Because a marriage is not only a union of two individuals but also two different culinary traditions, it is during the high holidays, when “laws” and “in-laws” meet around one table, that culinary conflicts are likely to escalate. The traditional Czech Christmas dinner is carp with potato salad, but few agree on how the potato salad should exactly be made. Apparently, there are families that hold democratic pre-Christmas meetings where the ingredient list is decided upon in order to prevent quibbling on Christmas’ Eve. Such important questions are discussed as: “Should celeriac be included? Peas or no peas? Herring? Mayonnaise, or just oil and vinegar?”. You see, potato salad is a complicated matter.

One of the benefits of our inter-cultural marriage is that there are no wars to be fought over Christmas dinner: my Dutch mother-in-law lives in blissful ignorance of Czech Christmas traditions (and is currently 800 km away) and my Dutch husband loves my mother’s potato salad. And I mean: who wouldn’t? It is neither too heavy nor too insubstantial. With a reassuring amount of mayonnaise but lightened with sharp yoghurt. There are enough vegetables included to make you feel it’s good for you and will not weigh you down as potato-heavy salads are wont to do. All ingredients are cut quite finely, which makes it more elegant than most potato salads. It’s perfect with that carp on Christmas Eve and even better on New Year’s Eve open face sandwiches. My mother also makes it at other times of the year when cooking for a large group – it can be made in advance, everybody likes it and it goes with roast chicken as well as with any vegetarian patties we make. But as far as I am concerned, it’s good enough to stand on its own.

My mother’s potato salad

Now, my mother is an intuitive cook and responds vaguely to inquiries about weights and measurements, but for your sake I pressed her to be a bit more precise than “mayonnaise to taste”.

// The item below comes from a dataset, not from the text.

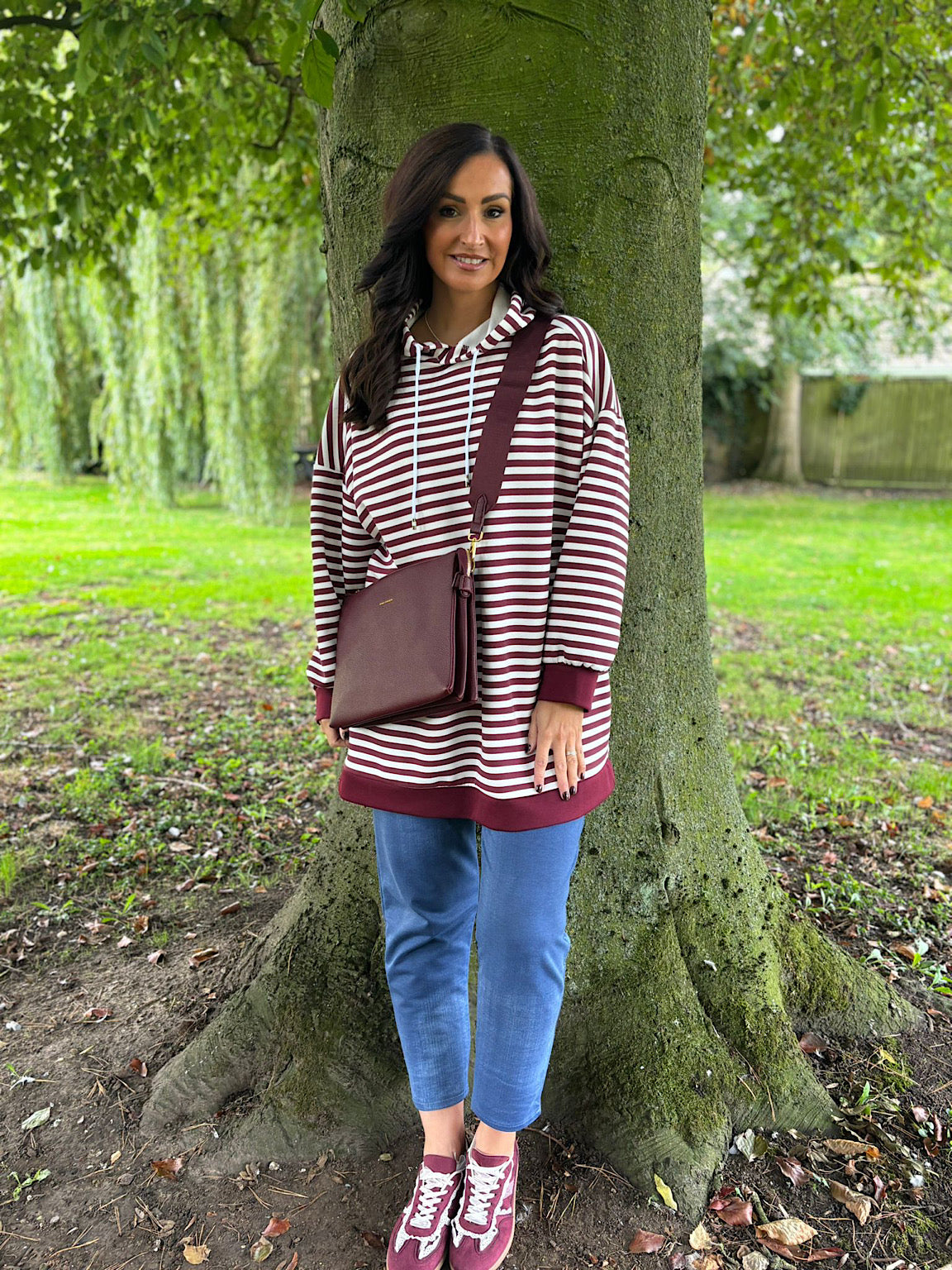 Styled with.....>Wine Harper Lace Detail Trainer/ Wine Multi Compartment Crossbody Bag/ Denim Look Trousers Isla

2 kg waxy (boiling) potatoes, unpeeled, scrubbed
250 g celeriac, peeled
2 medium carrots. peeled
200 g peas (frozen)
3 onions (white or red), finely diced
350 g gherkins (one large jar), finely diced
250 g mayonnaise
250 g yoghurt
salt

Cook potatoes in a large pot of boiling salted water until fork-tender, about 25 minutes, or until done. Drain. Peel the potatoes as soon as they can be handled, it is easier to peel them when they are still warm. Let cool completely. Cook the carrots and celeriac in salted water until fork-tender. Let cool. Blanch the peas in boiling water, drain.

Dice the potatoes quite finely ( 8mm to 1 cm) and put them in a large bowl. Sprinkle with salt as you add the potatoes. Dice celeriac and carrots even finer (about 5 mm) and add them to the bowl. Add peas, diced gherkins and onions.

Mix the mayonnaise and yoghurt, add to the bowl and mix everything gently. Taste and add salt if needed.